We need to add another factor to this. In the Old Testament, the gifts given to God are arranged in the order of their value: An animal is of greater value than a vegetable. Consider Cain and Abel's offering. Abel gave an acceptable one, while Cain gave one that was unacceptable for that circumstance. It might have been acceptable in a different circumstance. Nonetheless, the Bible arranges them in order of priority, as in Leviticus 1-3: A bullock is of greater value than a ram, which is of greater value than a kid or a dove. There is a principle here.
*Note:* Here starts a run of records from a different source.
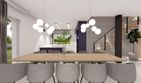 Ściany: bloczek z betonu komórkowego klasy M600 o grubości 24cm. Styropian EPS 70 o grubości 20cm, np. firmy Swisspor. Strop: w projekcie zaprojektowano strop podwieszany z płyt g-k na ruszcie aluminiowym, ocieplony wełna mineralną o gr. min. 30cm. Dach: dwuspadowy i płaski nad garażem, więźba z wiązarów prefabrykowanych, nachylenie 30st., dachówka ceramiczna. Elewacje: tynk cienkowarstwowy, cokół z płytek klinkierowych. Elementy dekoracyjne elewacji ściennej z betonu architektonicznego. Ogrzewanie: zastosowano kocioł na pellet. Istnieje możliwość zmiany ogrzewania. Napisz do nas!. Ogrzewanie podłogowe: zaprojektowano w takich pomieszczeniach jak: korytarze, łazienki, kuchnia, salon. Wentylacja: W projekcie jako podstawową wentylację zaprojektowano wentylację grawitacyjną. Dodatkowo do projektu dołączamy gratis projekt wentylacji mechanicznej- rekuperacji. Na etapie adaptacji projektu należy wybrać jedną z dwóch opcji.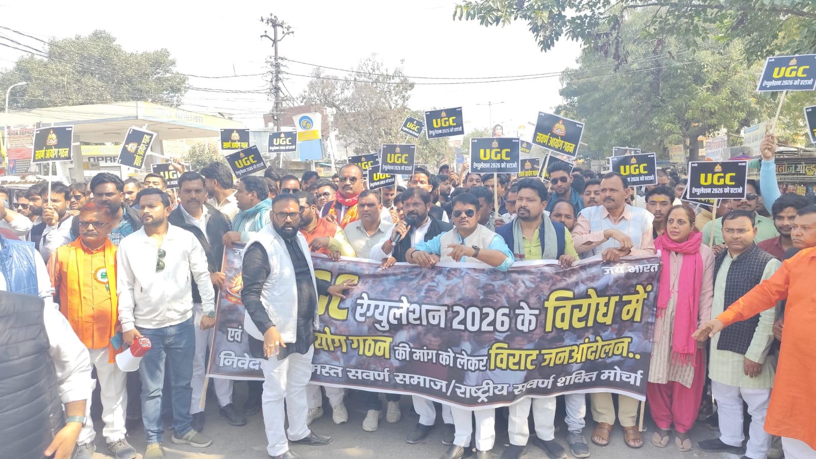 विश्वविद्यालय अनुदान आयोग (UGC) द्वारा अधिसूचित “Promotion of Equity in Higher Education Institutions Regulations, 2026” के विरोध में आज राष्ट्रीय सवर्ण शक्ति मोर्चा के तत्वावधान में राजकीय इंटर कॉलेज (GIC) मैदान से शास्त्री चौक तक एक विशाल, शांतिपूर्ण एवं अनुशासित पैदल मार्च का आयोजन किया गया।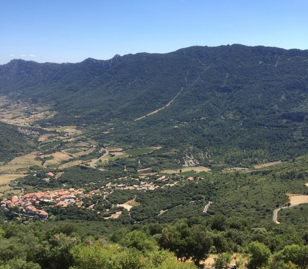 Somewhere down there is our motorhome! We walked up to the amazing castle of Peyrepertuse from our wild camping spot (just past the village of Duilhac) and along part of the ancient Cathar Trail. Â
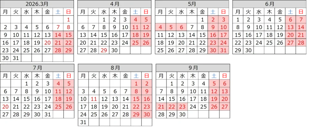 ・3月14日(土)以降、土曜日・日曜日および5月のGW・9月のSWの祝日

Let us step this up even higher. The offering of a son is of greater value than the offering of any animal. When Abraham offered Isaac, it was far greater in value than the offering of a lamb, ram, or even a bullock. In this case, God would not accept anything less than the very best. It had to be the offering of what was nearest and dearest to Abraham's heart. From this we learn that it is not just the intrinsic value of the gift, but also the relative cost to the giver to which God attaches the greatest importance of all. A widow's two mites can be a greater offering than all of the silver and gold a wealthy man can give.
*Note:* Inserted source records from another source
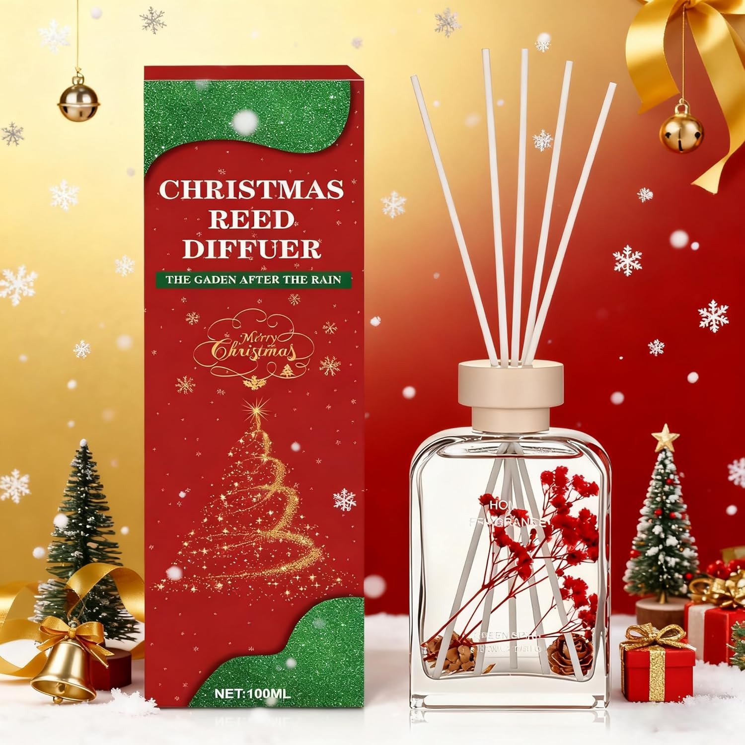 Christmas Reed Diffuser, 100ml Cinnamon Stick Christmas Diffuser with 5 Diffuse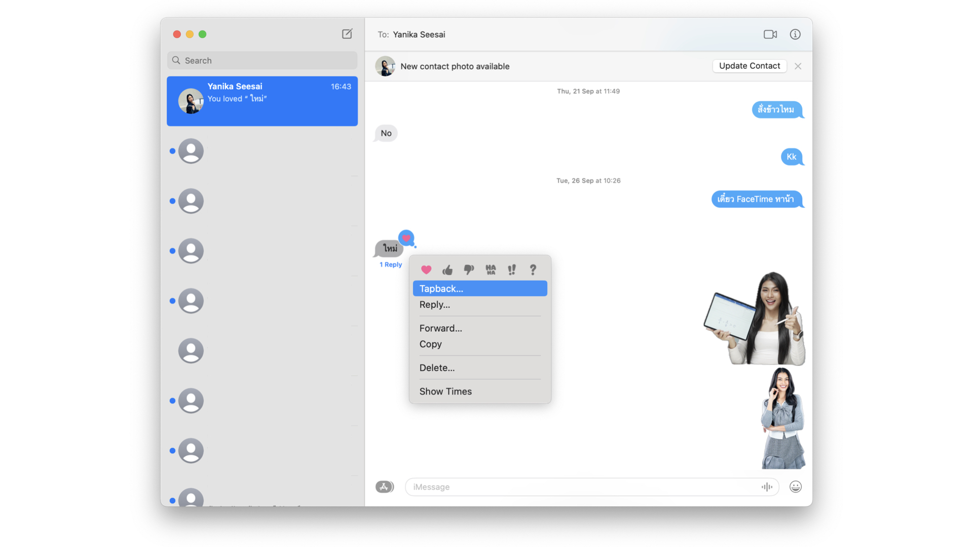 ในแอปข้อความบน macOS Sonoma 14.1 เพิ่มปุ่ม TabBack บนข้อความที่สามารถแสดงความรู้สึกบนข้อความของเพื่อนได้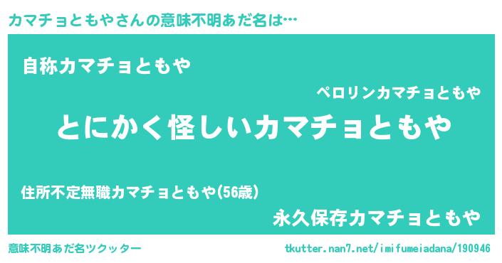 | ヘコむあだ名 | 『カマっぺ』『カマチョともや(遠い目)』 |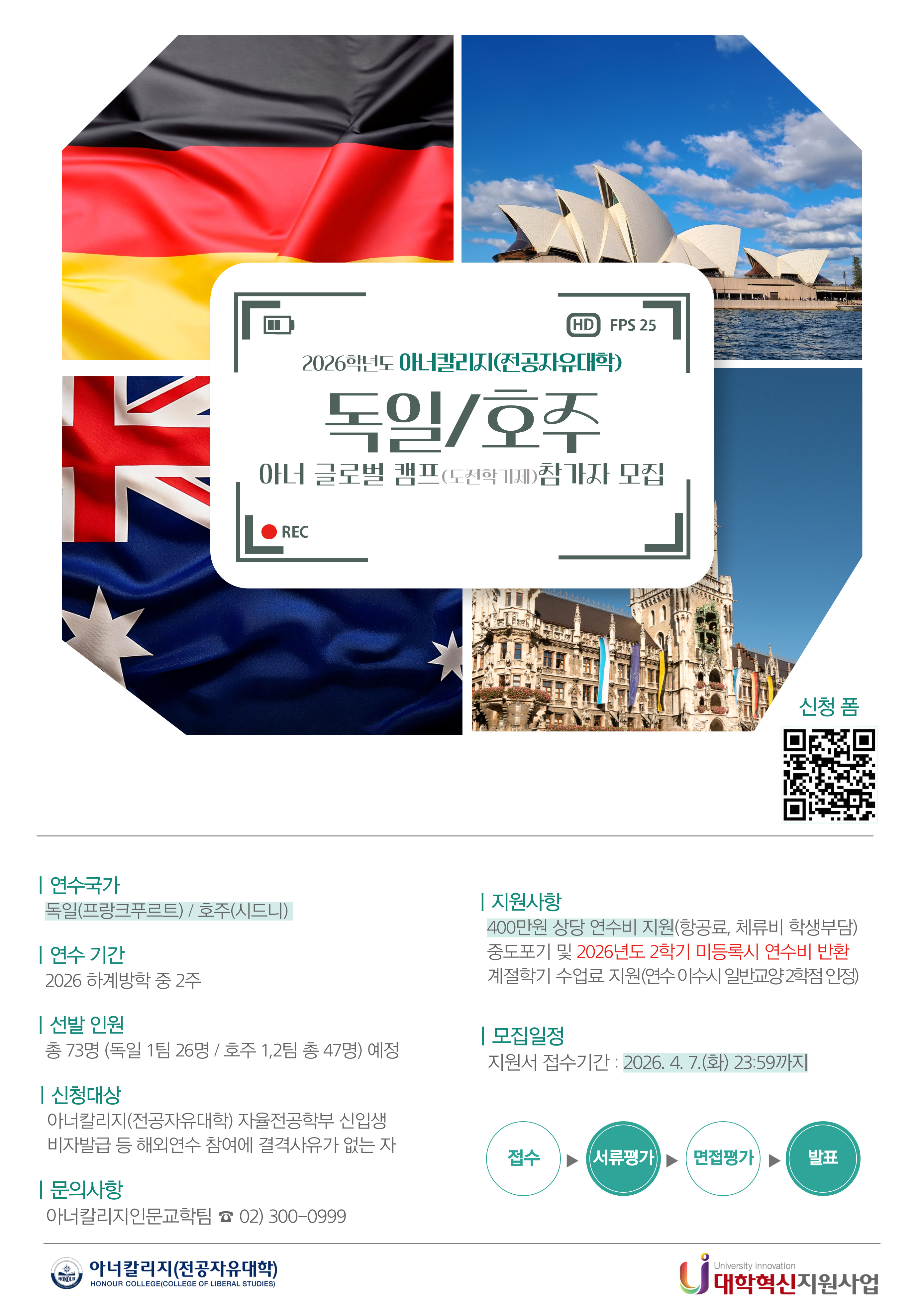 2026학년도 아너칼리지(전공자유대학) 아너 글로벌 캠프(도전학기제) 참가자 모집 안내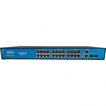 Источник питания ST-S240POE (2G/2S/300W/А) PRO, (версия 4) , Switch POE 24-х портовый для обеспечения проводных сетей напряжением 48В , PoE порты: 24 х (10/100 Мбит/с), UpLink порты: 2 х(10/100/1000 Мбит/с), SFP порты: 2 х (10/100/1000 Мбит/с), Max.пропускная сп-ть: 100 Мбит/канал (PoE порты), 1000Мбит/канал (UpLink и SFP порты), Р(ном) каждый порт (Вт): 12,5 Вт, Р(макс) каждый порт (Вт): 30 Вт, Тип РоЕ: А, защита от КЗ, AI PoE, VLAN, Грозозащита.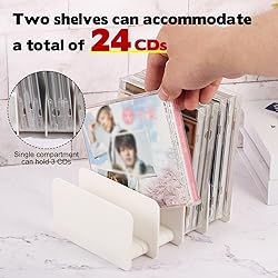 - Rainmae 2 Pcs CD Holder, DVD/CD Display Rack & CD Storage Box Record Storage Stand Holds up to 12 Standard CD Cases, CD Storage Case Holder for Theater Room Desk Shelf Rack, White Features: Easy Maintenance: The smooth surface of the practical record racks is easy to clean, just wipe them gently with a damp cloth. Compact in size, they can also be easily stored in drawers, cabinets, or storage boxes when not in use. Keep Desktop Tidy: Say goodbye to cluttered desks or media tables. Organize and store your CD collection neatly. The elevated base provides stability and a more attractive appearance when in use. Home Decor Rack: With a simple white design, it complements any home decor style. You can place the cd storage shelf in various spaces, on desks, countertops, and use it to decorate bathroom, vanity table, study, and more. There are many creative ways to use it waiting for you to discover. Specification: Material: PP Color: White Size: 6.1x4.9x2.7 Inch Package includes: 2 plastic CD holder racks Notes: Manual measurement, please allow slight errors on size. The color may exist a slight difference due to different screen displays.

From this, then, we can extract another principle: The greatest gift of all is self-sacrifice.

John W. Ritenbaugh
Preparing to Be a Priest

2 Corinthians 5:14-15

Our acceptance of the blood of Christ that reconciles us to God puts us under obligation to live our lives from then on in submission to God's will.

John W. Ritenbaugh
Separation and Oneness With God

Ephesians 1:10

We say that we are "in Christ." We say that there is "one church." We say that there is "one Body," "one Family," "one Kingdom." What is said here in Ephesians 1 is where God is headed with all this. He will unite everybody who has ever been born and makes it into His Kingdom into one—one family, the God Family—one kingdom, the Kingdom of God. The church is simply the beginning of an awesome process—a tremendous project—that will eventually cover the 50 or 60 billion people who have ever lived on the face of this earth.

We who are now begotten children of God are at the prow of the ship, as it were, cutting the water as we forge ahead. It is our calling to have gotten in on the ground floor, the very beginning of the process. We have entered the process even before all of the great men and women we have read about in the histories of the nations. They will get their opportunity, but we are way ahead of them.
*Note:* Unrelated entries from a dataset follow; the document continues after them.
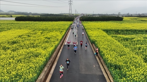 來自海內外的1萬余名專業(yè)運動員和馬拉松愛好者在云南羅平縣的花海中奔跑。何新文攝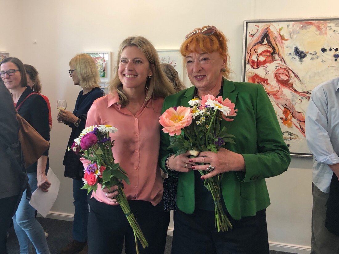 Bild 2: Die Künstlerinnen Susanne Zinser (links) und Evelyn Sommerhoff bei der Vernissage ihrer Ausstellung. Im Hintergrund Werke von Evelyn Sommerhoff.
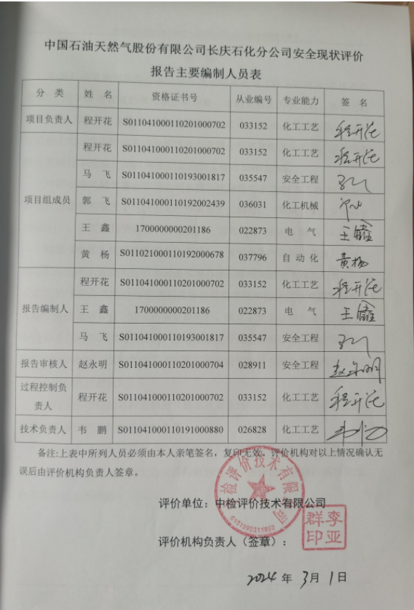 中国石油天然气股份有限公司长庆石化分公司安全现状评价报告
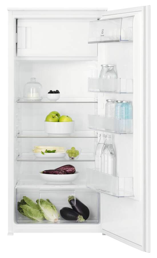 Vestavná jednodveřová chladnička Electrolux LFB3AE12S v energetické třídě E nabízí objem chladničky 174 l a objem mrazničky 14 l. S roční spotřebou energie 146 kWh a maximální hlučností 35 dB se vyznačuje svou účinností a tichým provozem. Rozměry chladničky jsou 54,8 cm (šířka), 121,8 cm (výška) a 54,9 cm (hloubka).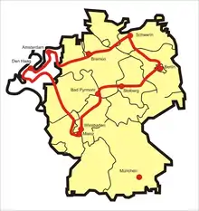 La ruta comienza en Países Bajos, de ahí, atraviesa luego los estados alemanes de Renania del Norte-Westfalia, Renania-Palatinado en dirección sur, gira hacia el noreste por Hesse, Baja Sajonia, Sajonia-Anhalt, Brandeburgo y Berlín, donde gira hacia el noroeste a Mecklemburgo-Pomerania Occidental, y finalmente hacia el suroeste por Schleswig-Holstein, de nuevo Baja Sajonia, y Bremen regresando a Países Bajos.[1]

Why has God had to do this? The basic cause is what happened in the Garden of Eden. Adam and Eve sinned. Sin is disruptive; it divides, and it divided our first parents away from the one Family. As Paul says in Romans 5:12, "All have sinned." We have all sinned—maybe not exactly as Adam and Eve did, but everybody has sinned. We have followed our parents in becoming separated from God. Sin divides away from God, and man from man. The world has been shattered by sin. One could say, then, that the central object of salvation is to reunite all mankind into one Family.

John W. Ritenbaugh
Unity (Part 6): Ephesians 4 (C)

Ephesians 3:8-11

Paul says virtually the same thing here that he says in chapter one. He just changes the vocabulary. What have we been called or invited to? To be one with God—to be in His Family, His Church, and His Kingdom—all of these are a progression of the same basic thought. God is drawing everybody to Him, to be one with Him (a unity that was broken in Adam and Eve's sin of submitting to Satan rather than submitting to God).

John W. Ritenbaugh
Unity (Part 6): Ephesians 4 (C)

James 3:16

This verse shows why the Day of Atonement is needed. It is a day that pictures at-one-ment, the state of being at one. It is needed because men are horribly divided from one another. Some are trying to pull the nations of the earth together as one, but their attempt will fail because it does not originate from God and is not being conducted in a godly manner. It is not being orchestrated by God or His Son, Jesus Christ, and is, instead, being done in a carnal way, which will produce the exact same fruits that all of the other past efforts at unification have produced—division, destruction, and death! In this, we are witnessing a major, worldwide attempt to bring the earth together under one, anti-God system, even as was attempted in Genesis 11.